Well, I'm sort of just in the mood to write, so I figured we'd take a shot at round two of this. I had a topic that I really wanted to write on, but it's a tough one to do and today gave me a different idea as well. So, even though I was hoping to devote this second post to the topic of regrets and past decisions, I think I'll just save that for later. Part of the reason is that I think most of what I want to say about regrets has been told to nearly everyone for almost their whole entire life (or at least since they've reached the point that they might have made some poor decisions).
Anyway, I've had a pretty good weekend. I had a great bunch of friends over yesterday for burgers, swimming, games and movies, and I really just had a great day. This morning we had a guest preacher, Rev. Mary Hulst, the chaplain at Calvin College. She had a very interesting sermon about all the different religions and how each has their own ways of being "made righteous", but the main point was how Christianity is different in that it's only through God's grace that we are saved. That it's His gift that brings us into righteousness. And I'm not entirely sure if it was just that I've heard the message so many times, or if it was just her style of delivering the message, but I honestly was having a difficult time paying attention. I still heard everything she had to say, and understood the meaning behind her message, but my focus wasn't really where it ought to have been. And I really don't like that.
Well, I might come back to that, but moving on... After a wonderful lunch and a few hours of reading/passing out in the sun out back, I ended up spending the night playing a total of 23 holes of disc golf with Dan and Zac. Now, I've only gone a few times, and I'll admit that it shows, but I feel like overall today wasn't a bad day for me. Then after disc golf, with a TBell break for supper, Dan and I ended up back at his house, where we played a nice game of Settlers with Greg. And after a good couple hours of that and an interesting chat, I headed home. That is why I started writing this at 1 A.M. (and I apologize if that causes it to be a little incoherent).
But on my way home, I was thinking over the happenings of the day and I sort of realized something.
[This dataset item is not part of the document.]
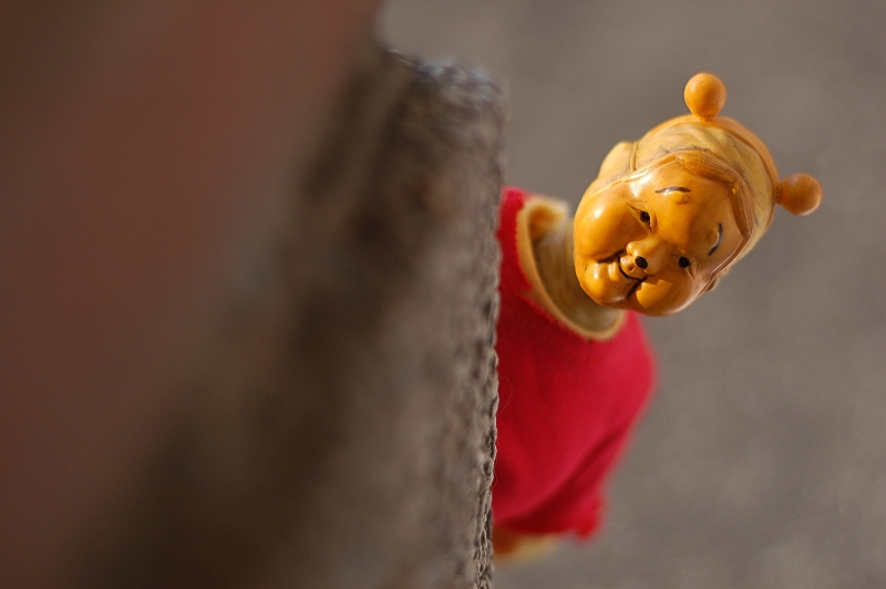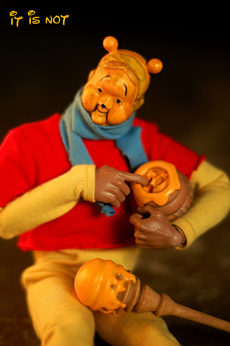 拍完照片後,意猶未盡! 又再增加了維尼最愛的蜂蜜罐和沾蜂蜜的木棒~
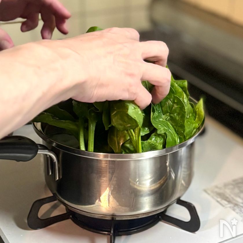 ほうれんそうを持って茎の部分を湯に入れて30秒ほどゆで、続いて全体を入れる。

It may be that I'm just tired, but in a way disc golf can actually be a pretty good analogy for life. Now you're probably thinking, "Hey, wait a minute. Where exactly are you going with this??", but hear me out , this sort of makes sense. At least to me it does. When your discing - or even regular old golfing for that matter - there's a bunch of "holes" you try to reach, in as few throws as possible. Well, I see this as sort of like how in life we have a list of goals for ourselves that we try to accomplish in the most efficient way possible. But sometimes things just don't go as planned... Your throw doesn't go quite as far as you wanted it to, or maybe it even goes in completely the wrong direction. Sometimes you blame it on other things - I mean, it can't be your fault, right? - It would have been the perfect throw, but the disc just slipped a little early or if only that tree wasn't there you'd have a perfect lie. And we do this in our lives, too. So often, we try to pin our own shortcomings off on some other factor or person. We want to just start over, or sometimes just skip the hole completely. But in disc, you don't do that (with the exception of the occasional mulligan). You just shrug it off, go find your disc, and try extra hard on your next throw to make up for lost distance.
Alright, maybe that wasn't such a great analogy. To be honest, I really just wanted to make a semi-philosophical post involving disc golf. But hey, it kind of worked and maybe you'll actually get something out of it.
Well, it's late, this post is getting long, and I kind of agreed to help Cari with landscaping at her grandmother's house tomorrow. So, I'm off to bed, but I'll leave you with one last thing. I've kind of gotten caught up with watching the show How I Met Your Mother lately and I've actually been getting quite a lot out of it. So, look forward to a possible future post about one or more episodes. And I may also throw in some random references from here on out, too.
Ta ta for now and may you all have a blessed evening (all 3.5 of you).